2
That guy at a camera swap meet saved me 2 hours of frustration
Last year at a camera swap meet in Portland, I was complaining to a seller about a sticky shutter on an old Pentax Spotmatic I was trying to fix. He just looked at me and said, "Did you check the foam seal first? Bet it's turned to goo." I hadn't even thought of that. I'd been messing with the blades and springs for like an hour before I packed it up to bring there. Got home, pulled the mirror box out, and sure enough the foam had completely melted and gummed up the whole mechanism. Cleaned it off with some isopropyl and the shutter worked fine after that.

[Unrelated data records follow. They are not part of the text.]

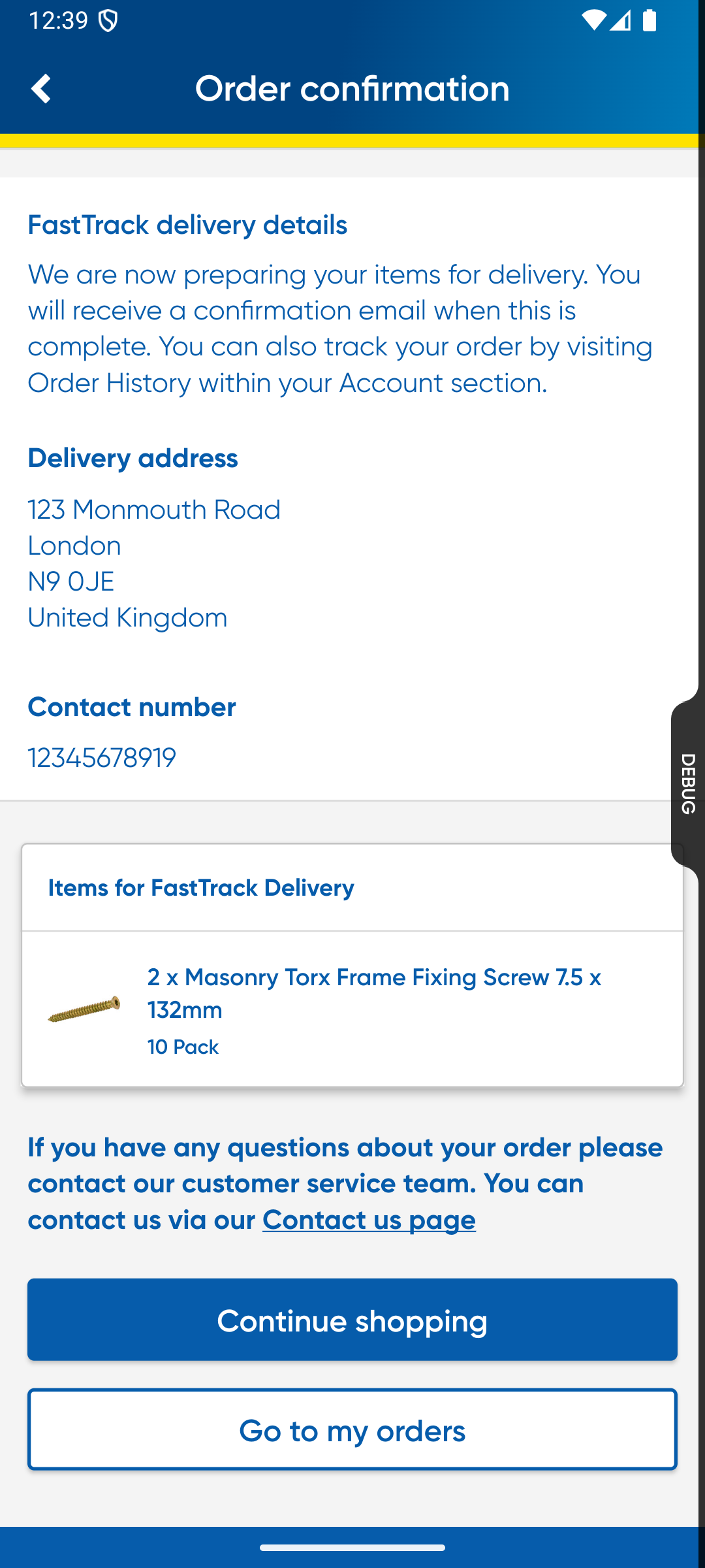 - Delivery details (Address, Method).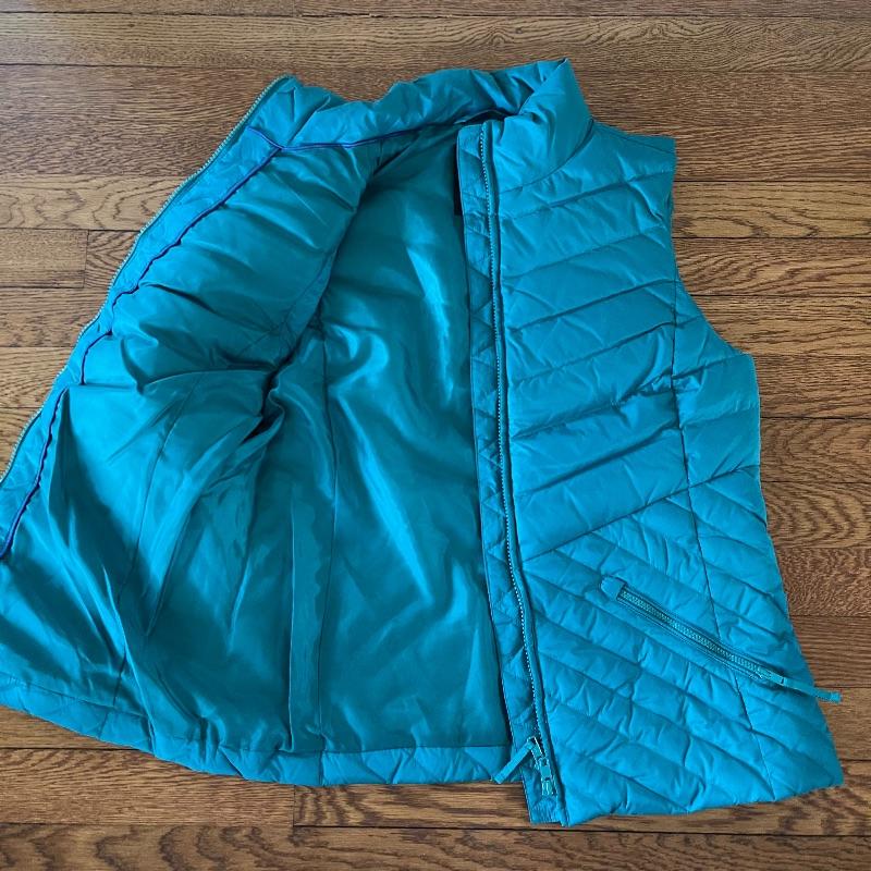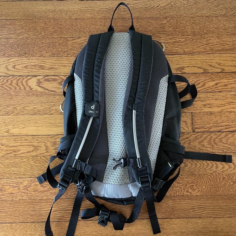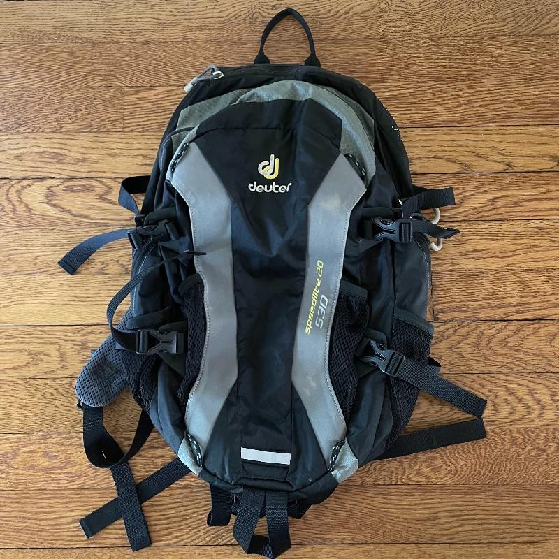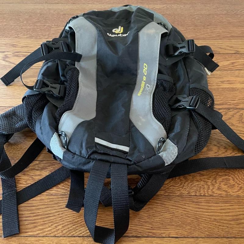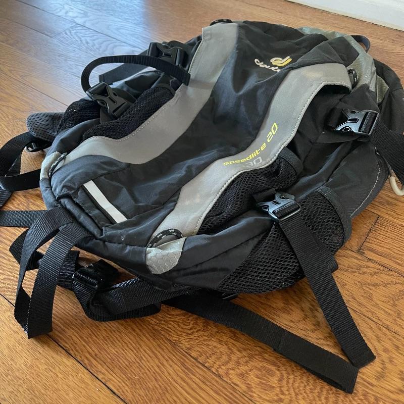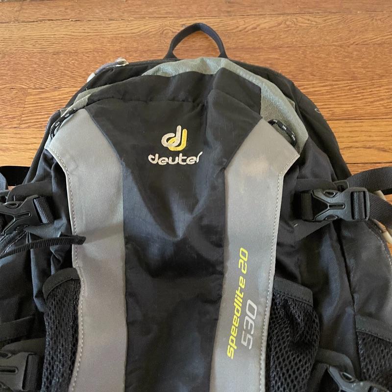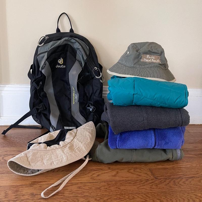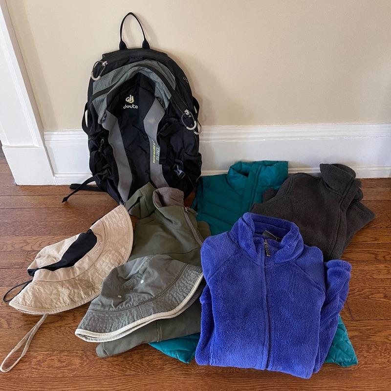 Women’s outdoor gear, includes a backpack, two bucket hats, one vest, and three fleece jackets. Small and medium sizes. The backpack is a Deuter speedlite 20 53. One of the bucket hats is a Teva and the other is from Canada. The jackets and vest are Talbots, Land’s End, White Sierra, and Eddie Bauer.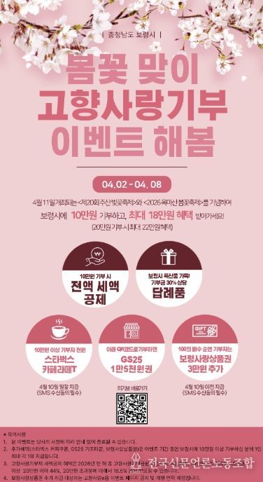 전국신문언론노동조합 강찬희 기자 | 보령시가 제20회 주산 벚꽃축제와 2026 옥마산 봄꽃축제를 맞아 오는 4월 8일까지 ‘봄꽃 맞이 고향사랑기부 이벤트 해봄’을 진행한다.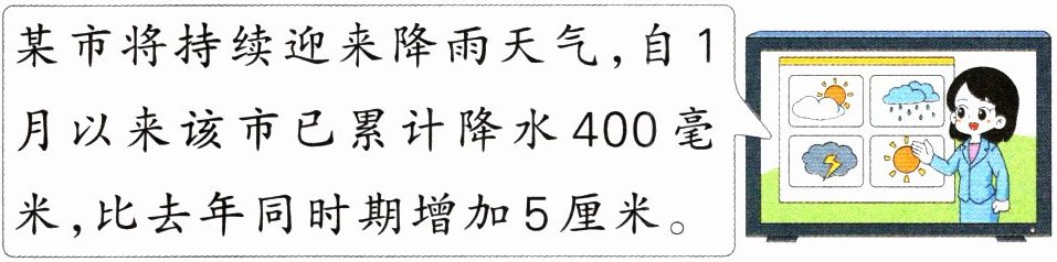 小明家的电视长 150( ),距离地面高 8( ),电视上正在播放天气预报,小明坐在距离电视 3( )5( )的沙发上收看。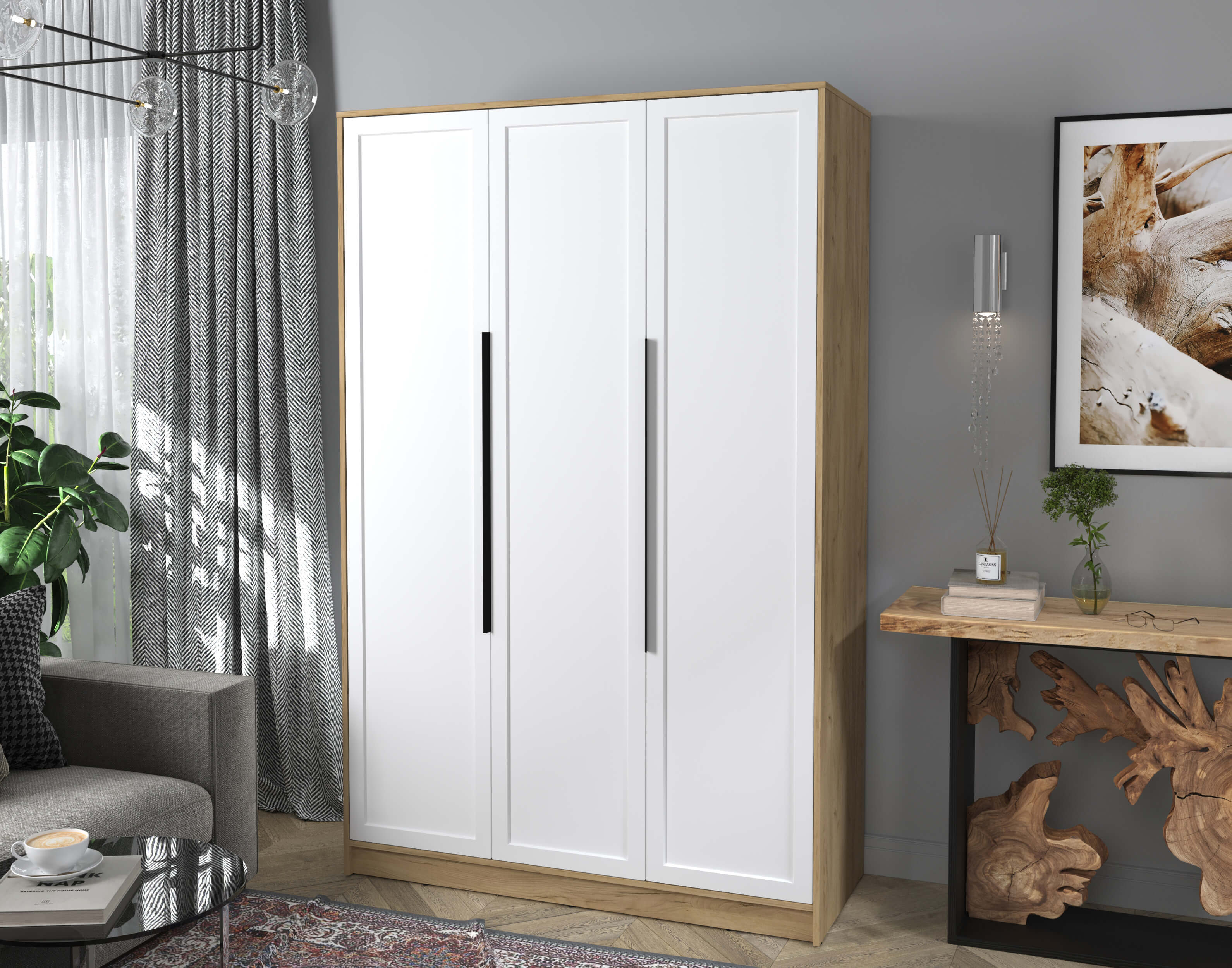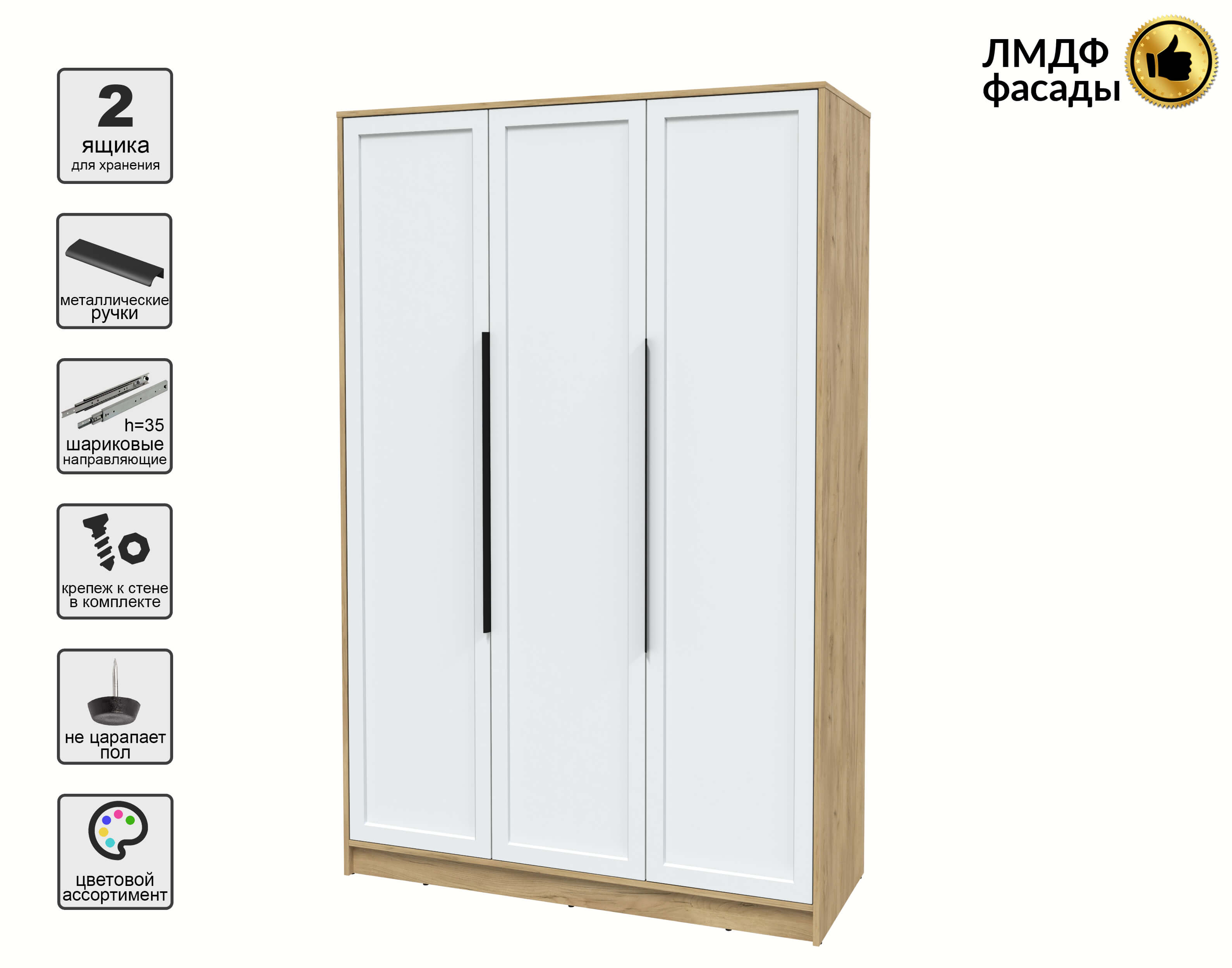 Шкаф распашной Тренд КТ-Ш3 (Дуб золотой ЛДСП/ Белый ЛМДФ) Ш1360 В2128 Г547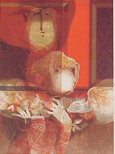 VISIONS DE POETA, 1978, embossed color lithograph, signed in pencil, from the numbered edition 185, image 27 ½ x 20”, full margins, minor skinning on verso from previous hinges. $500/700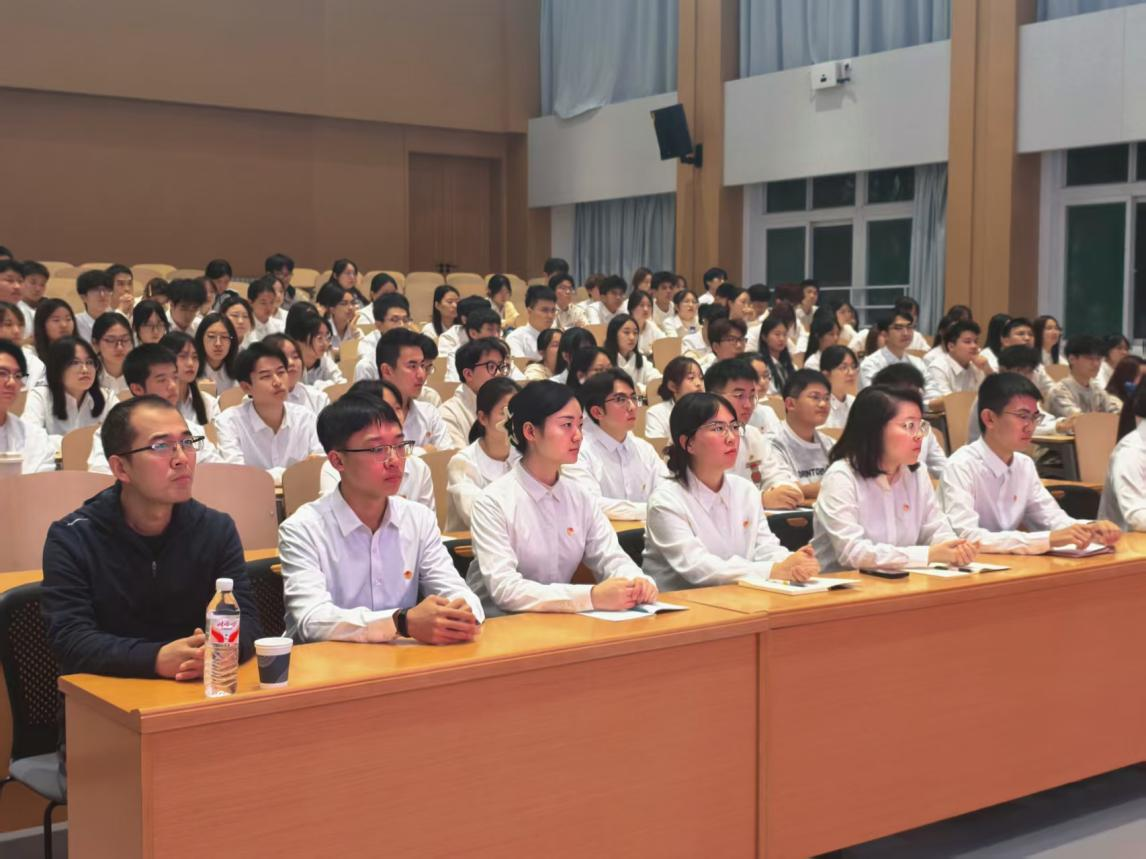 党委书记姬洪波主讲。院团委书记刘雷波、2025级团学骨干及全体团支书参加。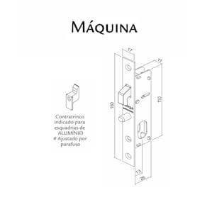 Acabamento : Resinado Preto Roseta: 425 em Aço Carbono Cilindro: 131 (52mm) Broca: 13 mm Contra Testa: Ref. 1764 - 2 furos ContraTrinco: em Zamac Obs: ContraTrinco indicado para esquadrias de Alumínio - Ajustado por parafuso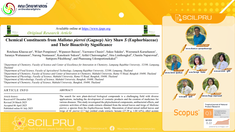 คณะวิทยาศาสตร์ขอแสดงความยินดีกับคณาจารย์ที่ผลงานวิจัยได้รับการตีพิมพ์เผยแพร่ในวารสารฐานข้อมูล Scopus Q3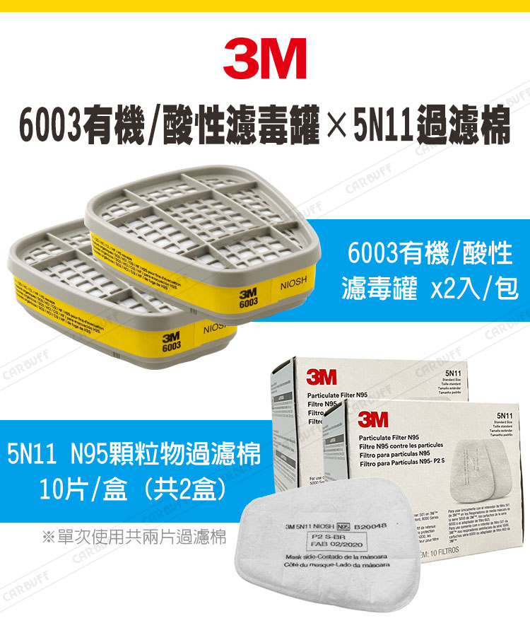 【3M 6003有機/酸性用濾毒罐 x2入/包】主要成份或材料:活性碳,淨重:約187克/包,產地:韓國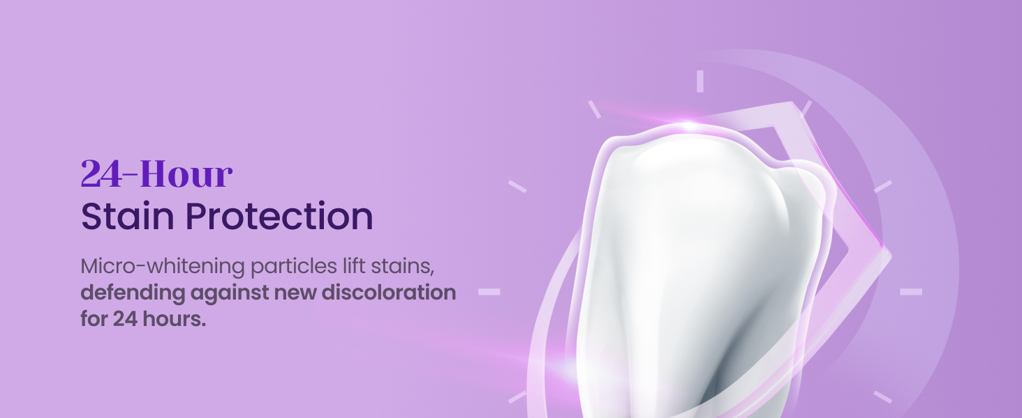 [24-Hour Stain Defense] Smart whitening particles lift away surface stains and help protect against new stains for up to 24 hours.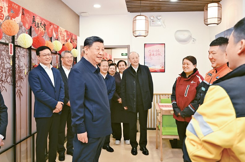 2026年2月9日至10日,中共中央总书记、国家主席、中央军委主席习近平在北京考察并看望慰问基层干部群众。这是10日上午,习近平在西城区新街口街道父母食堂考察时,同在这里休息的快递小哥亲切交流。 新华社记者 谢环驰/摄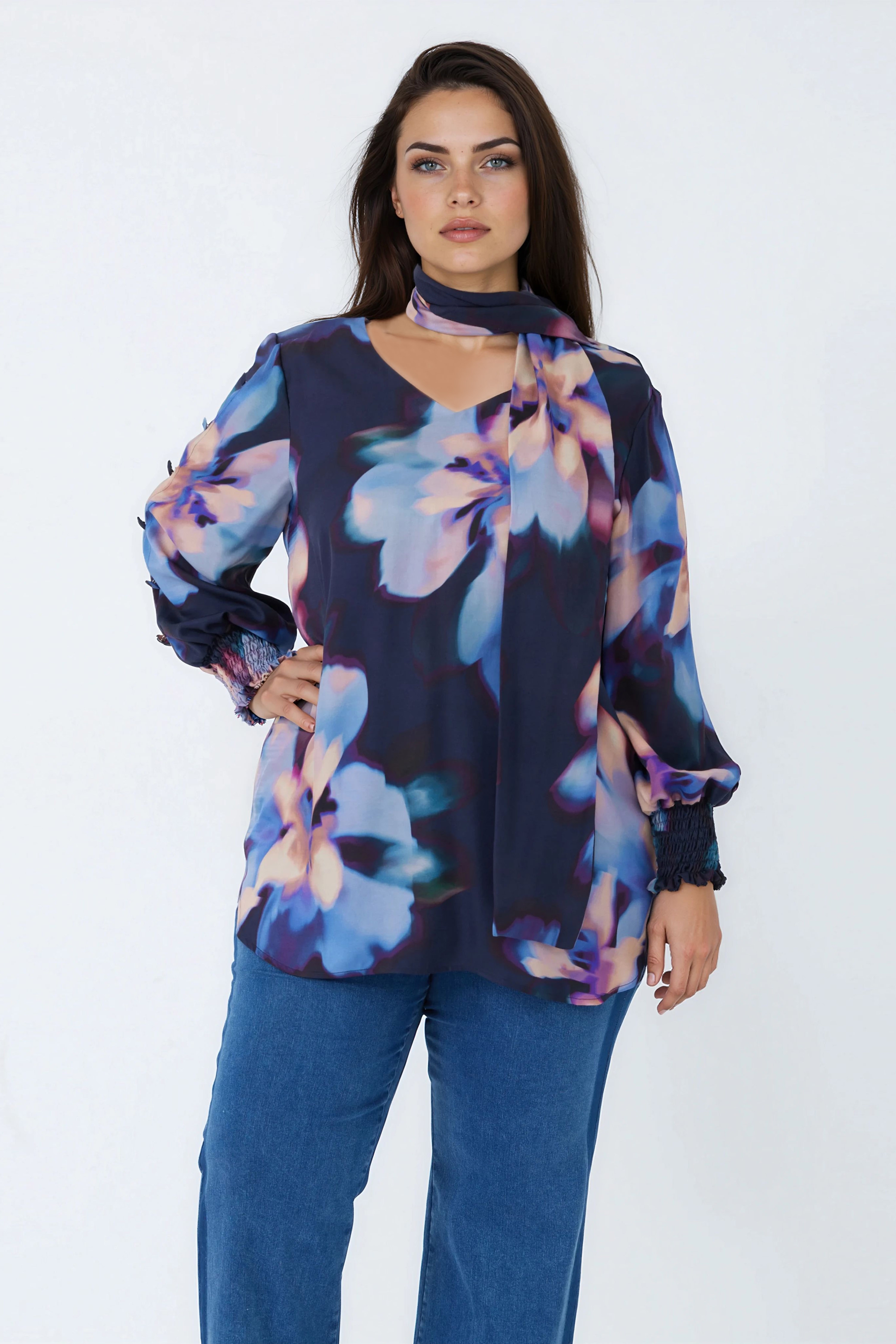 We love its loose fit which ensures comfort and elegance, its long puff sleeves gathered at the wrists, and its integrated scarf to tie as you wish — in a lavallière, in a knot or left free for a chic casual effect.
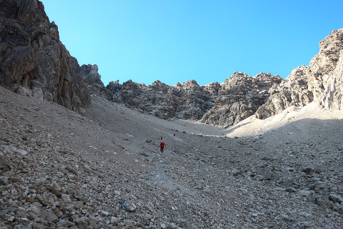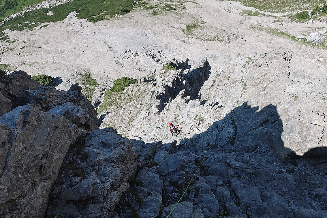 Alternativer Abstieg ist die 7x20 m Abseilpiste. Man erreicht das Schuttkar und steigt in diesem hinunter zum Zustiegsweg und auf diesem erreicht man wieder die Hütte.

Now I always check the foam first on any old SLR. Anyone else run into a simple fix that saved you way more trouble than you expected?
3 comments
Log in to join the discussion
Log In3 Comments
the_sam2d ago
Exactly that foam rot is the number one hidden problem on those old Spotmatics. I had a similar issue with a Miranda Sensorex where the light seals turned into sticky black tar that got all over the mirror too. Took a whole afternoon to clean it out but after that the camera worked perfectly for years. Its amazing how one tiny piece of degraded foam can totally lock up a whole mechanical system.
2
amy9742d ago
Friend of mine had a Minolta SRT-101 that sat in his closet for maybe 15 years. He finally pulled it out to use it and the mirror wouldn't flip up at all. The foam around the mirror box had turned into this sticky goo and basically glued the mirror in place. He spent about two hours with q-tips and rubbing alcohol carefully cleaning it all out. After that the camera worked perfectly fine, shutter speeds all accurate and everything. That foam is always the first thing to go on those old cameras.
7
ellis.susan10h ago
Oh man, "That foam is always the first thing to go" - I used to think people were overreacting about checking foam seals. Thought it was just some obsessive collector thing. Then I found a Yashica at a garage sale, mirror stuck solid, and spent three evenings with goo gone and toothpicks. Now I check EVERY old camera's foam before anything else.